* INSTRUCTIONS TO FOLLOW *
The whole listing needs to be written out exactly, except for any images.

** Opening RECORDED INFORMATION block **

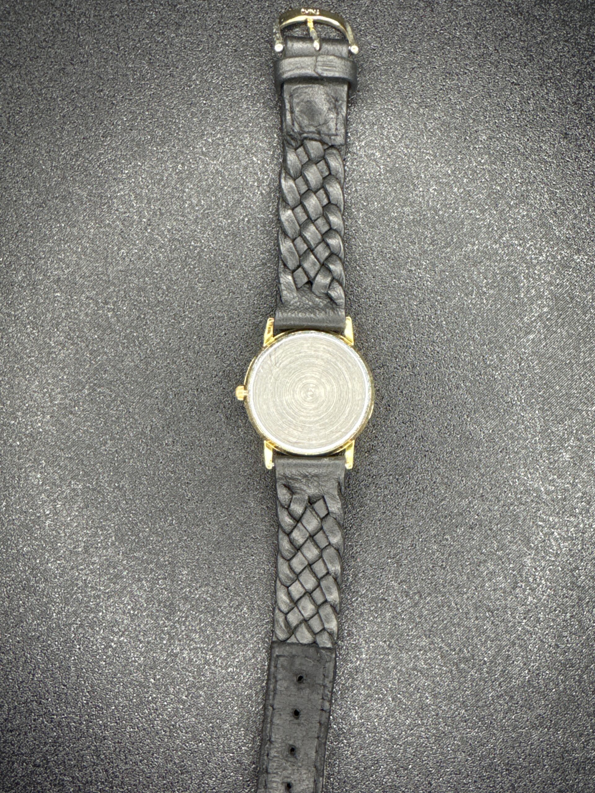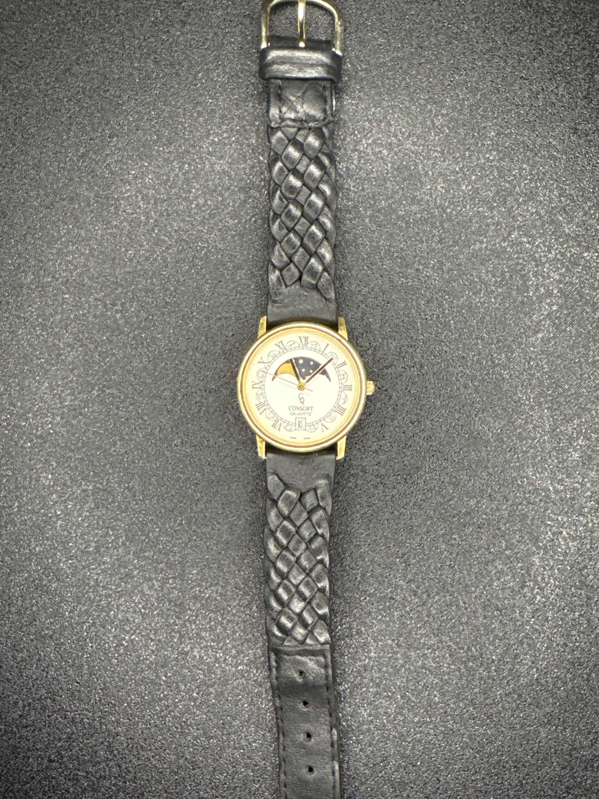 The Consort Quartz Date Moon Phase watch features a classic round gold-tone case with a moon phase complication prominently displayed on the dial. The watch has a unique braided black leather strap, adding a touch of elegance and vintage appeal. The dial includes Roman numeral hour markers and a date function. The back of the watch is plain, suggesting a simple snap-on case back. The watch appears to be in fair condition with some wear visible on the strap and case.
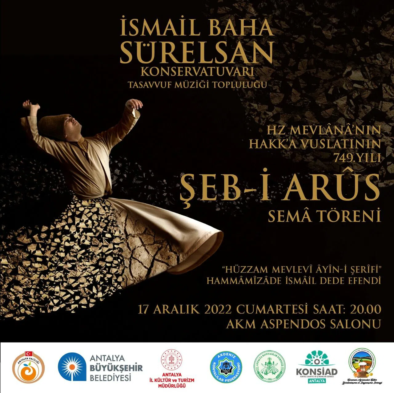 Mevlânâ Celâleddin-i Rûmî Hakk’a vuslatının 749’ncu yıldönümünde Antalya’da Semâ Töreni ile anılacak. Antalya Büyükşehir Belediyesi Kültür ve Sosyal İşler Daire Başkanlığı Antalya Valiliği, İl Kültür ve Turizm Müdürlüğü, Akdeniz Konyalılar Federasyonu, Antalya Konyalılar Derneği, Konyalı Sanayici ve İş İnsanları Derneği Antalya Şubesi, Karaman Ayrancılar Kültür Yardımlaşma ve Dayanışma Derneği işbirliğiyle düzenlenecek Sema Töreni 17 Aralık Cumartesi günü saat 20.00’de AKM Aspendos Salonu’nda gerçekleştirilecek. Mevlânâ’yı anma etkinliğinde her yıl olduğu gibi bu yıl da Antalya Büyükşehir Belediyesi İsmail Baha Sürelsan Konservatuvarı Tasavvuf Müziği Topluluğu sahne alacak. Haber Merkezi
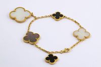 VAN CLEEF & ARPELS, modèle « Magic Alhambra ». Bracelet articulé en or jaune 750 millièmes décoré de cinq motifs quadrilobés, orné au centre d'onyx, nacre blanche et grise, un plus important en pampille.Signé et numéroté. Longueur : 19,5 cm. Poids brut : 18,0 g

** Closing RECORDED INFORMATION block **

* ANSWER FOR THE TASK *
 The Consort Quartz Date Moon Phase watch features a classic round gold-tone case with a moon phase complication prominently displayed on the dial. The watch has a unique braided black leather strap, adding a touch of elegance and vintage appeal. The dial includes Roman numeral hour markers and a date function. The back of the watch is plain, suggesting a simple snap-on case back. The watch appears to be in fair condition with some wear visible on the strap and case.
 Mevlânâ Celâleddin-i Rûmî Hakk’a vuslatının 749’ncu yıldönümünde Antalya’da Semâ Töreni ile anılacak. Antalya Büyükşehir Belediyesi Kültür ve Sosyal İşler Daire Başkanlığı Antalya Valiliği, İl Kültür ve Turizm Müdürlüğü, Akdeniz Konyalılar Federasyonu, Antalya Konyalılar Derneği, Konyalı Sanayici ve İş İnsanları Derneği Antalya Şubesi, Karaman Ayrancılar Kültür Yardımlaşma ve Dayanışma Derneği işbirliğiyle düzenlenecek Sema Töreni 17 Aralık Cumartesi günü saat 20.00’de AKM Aspendos Salonu’nda gerçekleştirilecek. Mevlânâ’yı anma etkinliğinde her yıl olduğu gibi bu yıl da Antalya Büyükşehir Belediyesi İsmail Baha Sürelsan Konservatuvarı Tasavvuf Müziği Topluluğu sahne alacak. Haber Merkezi
 VAN CLEEF & ARPELS, modèle « Magic Alhambra ». Bracelet articulé en or jaune 750 millièmes décoré de cinq motifs quadrilobés, orné au centre d'onyx, nacre blanche et grise, un plus important en pampille.Signé et numéroté. Longueur : 19,5 cm. Poids brut : 18,0 g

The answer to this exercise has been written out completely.